Executed DeployUndeploySearchInLoop for a longer time (which deploys an index, search in it, and undeploys it). This emulates the usage of a LuceneClient for a long time. Looking at heap dumps after several hours i found
ZooKeeper$ZkWatchManager.existWatches map with 8400 entries. Entries for pathes like
/katta/shard-to-nodes/index53#bIndex which belonging to indices which were already undeployed a long time.
A zookeeper watch is usually removed when an event for it is triggered. ZkClient immediatly registeres the watch again in case it have a listener for it.

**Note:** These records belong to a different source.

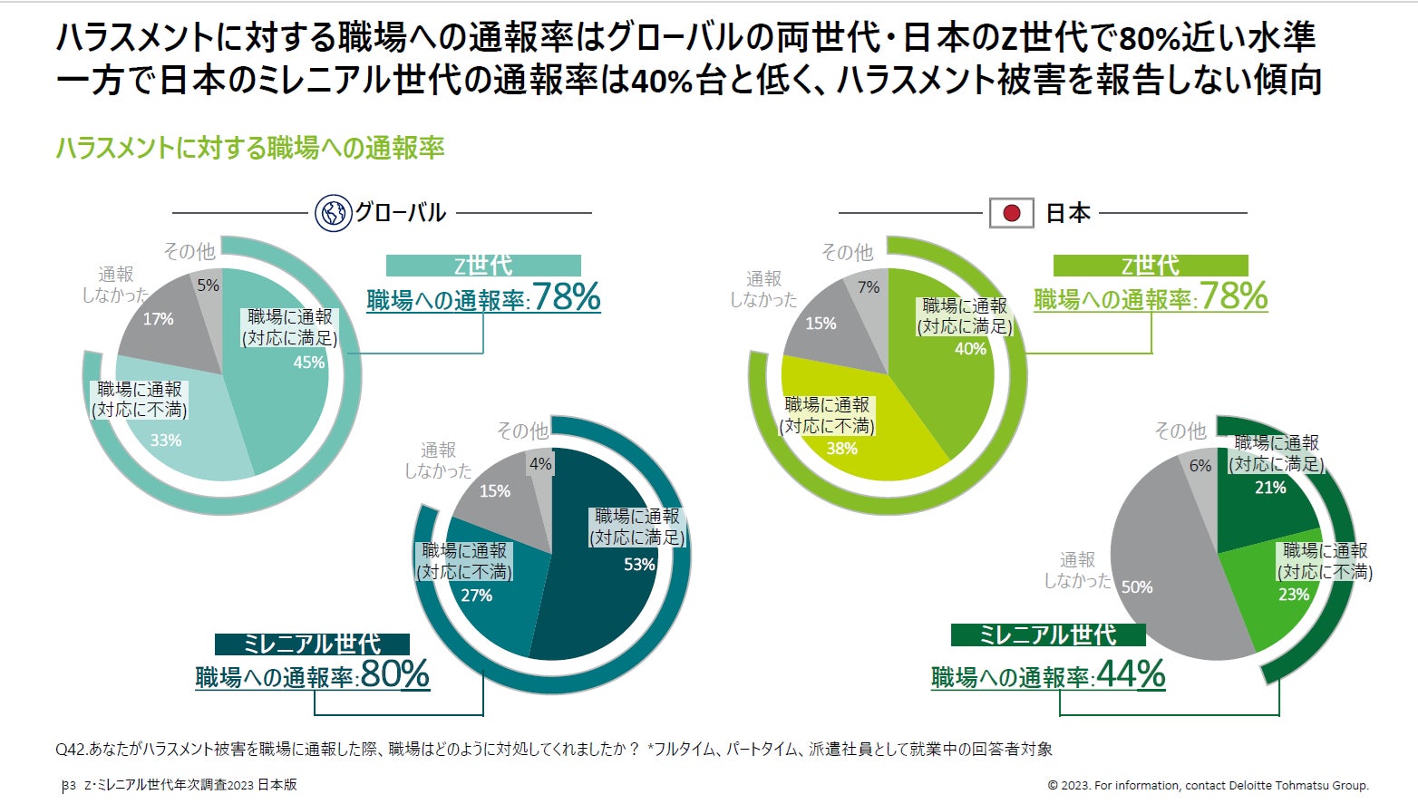 デロイトトーマツの調査によると、ハラスメントに対する職場への通報率はグローバルの両世代・日本のZ世代で80%近い水準であるのに対し、一方で日本のミレニアル世代の通報率は40%台と低く、ハラスメント被害を報告しない傾向があることがわかっています。(Z・ミレニアル世代年次調査2023より)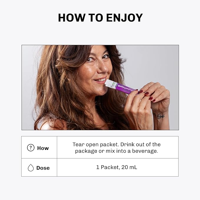 - EASY DAILY USE, ANYTIME ANYWHERE: Take 1 single-serve packet daily, or as directed by your healthcare provider. Tear at the notch and mix the liquid into up to 16 fl oz of water, juice, or your favorite drink. Shake or stir thoroughly and enjoy the benefits of fast, on-the-go antioxidant support for your immune system, skin, and liver health.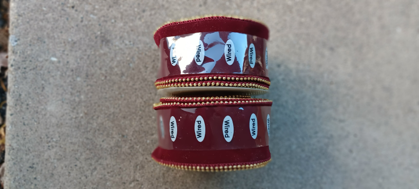 Two rolls of wired burgundy velvet ribbon with gold trim! These are perfect for crafts, decorations, or gift wrapping. The wired edge helps the ribbon hold its shape beautifully. Great for adding a touch of elegance to any project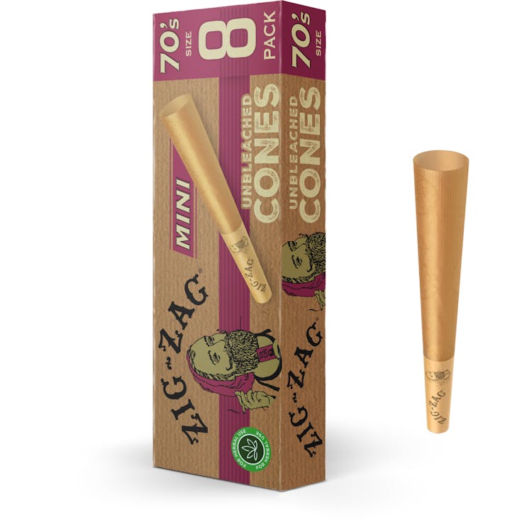 Zig-Zag Unbleached Cones are ultra thin crafted using a blend of natural fibers without the addition of any ingredients or processing. Recycled cardstock booklet with vegetable ink printing.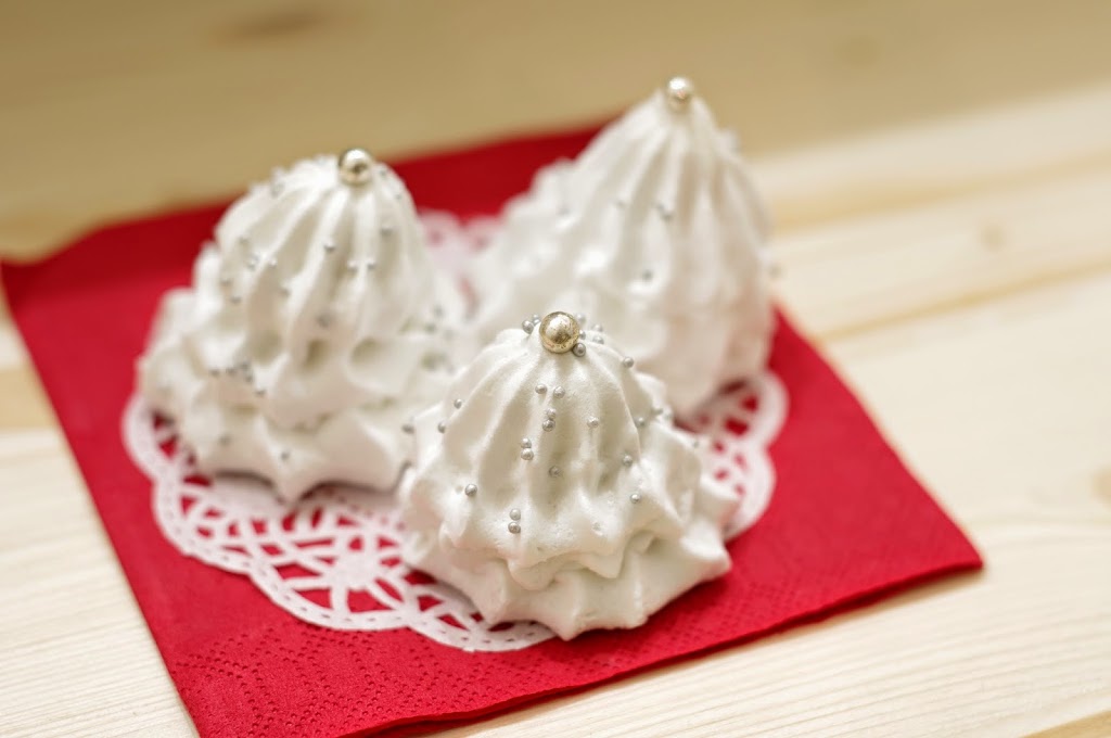 4. Töltsük csillagcsőrrel ellátott habzsákba a habot és 3 adagot nyomjunk egymás tetejére a sütőpapírra: az első nagyobb, a középső kisebb, a felső egészen pici legyen. Oldalukat szórjuk meg apró ezüst cukorgyönggyel, tetejükre 1 nagyobbacskát nyomjunk.

Now in Katta a the Client remove it shard-to-nodes listeners if an index has been removed.
Looking at the thread-sump it seems that sometimes the
ZooKeeper$ZkWatchManager.existWatches has been cleared from undeployed indices and sometimes not. I suspect that this depends on the sequence of events. if the client gets a index-removed event before the last shard-to-node change event, every index related watch gets removed. If its the other way around some obsolete watches are still hanging around forever.
Removing the watches explicitely isn't that easy:
ZOOKEEPER-442
.
Re-instantiating the client isn't a solution either since
ZooKeeper instances doesn't seems to be properly garbage collected (see
http://mail-archives.apache.org/mod_mbox/zookeeper-user/201102.mbox/browser
)